__EXERCISE AIM__
All of the listing should be output exactly, apart from the pictures.

__MATERIAL PROVIDED__
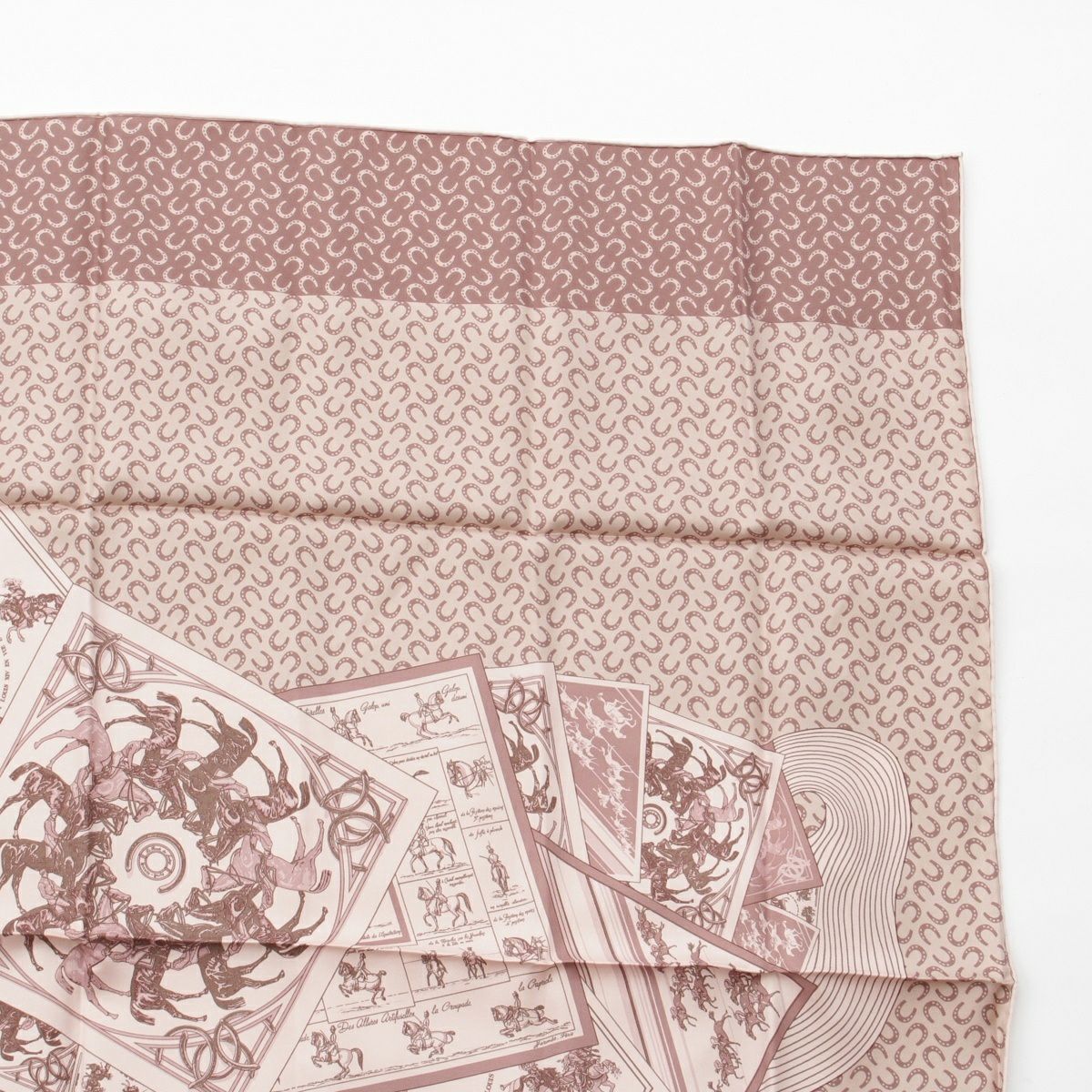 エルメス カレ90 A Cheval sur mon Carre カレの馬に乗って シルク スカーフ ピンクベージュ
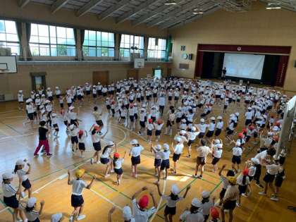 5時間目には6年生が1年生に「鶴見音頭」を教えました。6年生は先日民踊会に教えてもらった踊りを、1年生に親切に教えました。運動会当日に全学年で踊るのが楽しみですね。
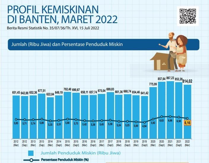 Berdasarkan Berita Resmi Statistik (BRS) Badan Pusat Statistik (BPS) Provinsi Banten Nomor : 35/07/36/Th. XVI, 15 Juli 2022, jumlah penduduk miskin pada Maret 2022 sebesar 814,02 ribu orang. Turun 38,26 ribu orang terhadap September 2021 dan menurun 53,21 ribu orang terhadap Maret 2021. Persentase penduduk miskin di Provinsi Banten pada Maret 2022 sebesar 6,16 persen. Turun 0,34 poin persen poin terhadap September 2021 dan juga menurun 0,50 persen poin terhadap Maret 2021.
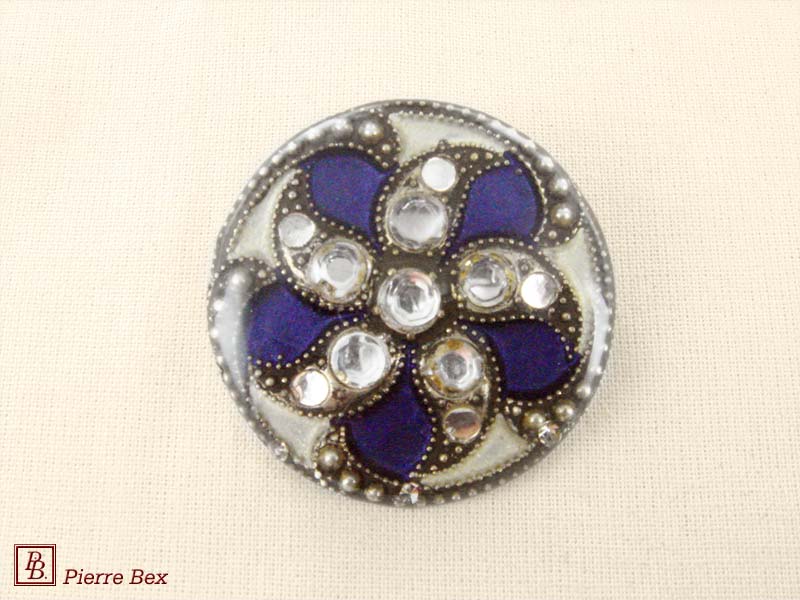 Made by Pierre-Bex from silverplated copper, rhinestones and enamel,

__SOLUTION__
 エルメス カレ90 A Cheval sur mon Carre カレの馬に乗って シルク スカーフ ピンクベージュ
 5時間目には6年生が1年生に「鶴見音頭」を教えました。6年生は先日民踊会に教えてもらった踊りを、1年生に親切に教えました。運動会当日に全学年で踊るのが楽しみですね。
 Berdasarkan Berita Resmi Statistik (BRS) Badan Pusat Statistik (BPS) Provinsi Banten Nomor : 35/07/36/Th. XVI, 15 Juli 2022, jumlah penduduk miskin pada Maret 2022 sebesar 814,02 ribu orang. Turun 38,26 ribu orang terhadap September 2021 dan menurun 53,21 ribu orang terhadap Maret 2021. Persentase penduduk miskin di Provinsi Banten pada Maret 2022 sebesar 6,16 persen. Turun 0,34 poin persen poin terhadap September 2021 dan juga menurun 0,50 persen poin terhadap Maret 2021.
 Made by Pierre-Bex from silverplated copper, rhinestones and enamel,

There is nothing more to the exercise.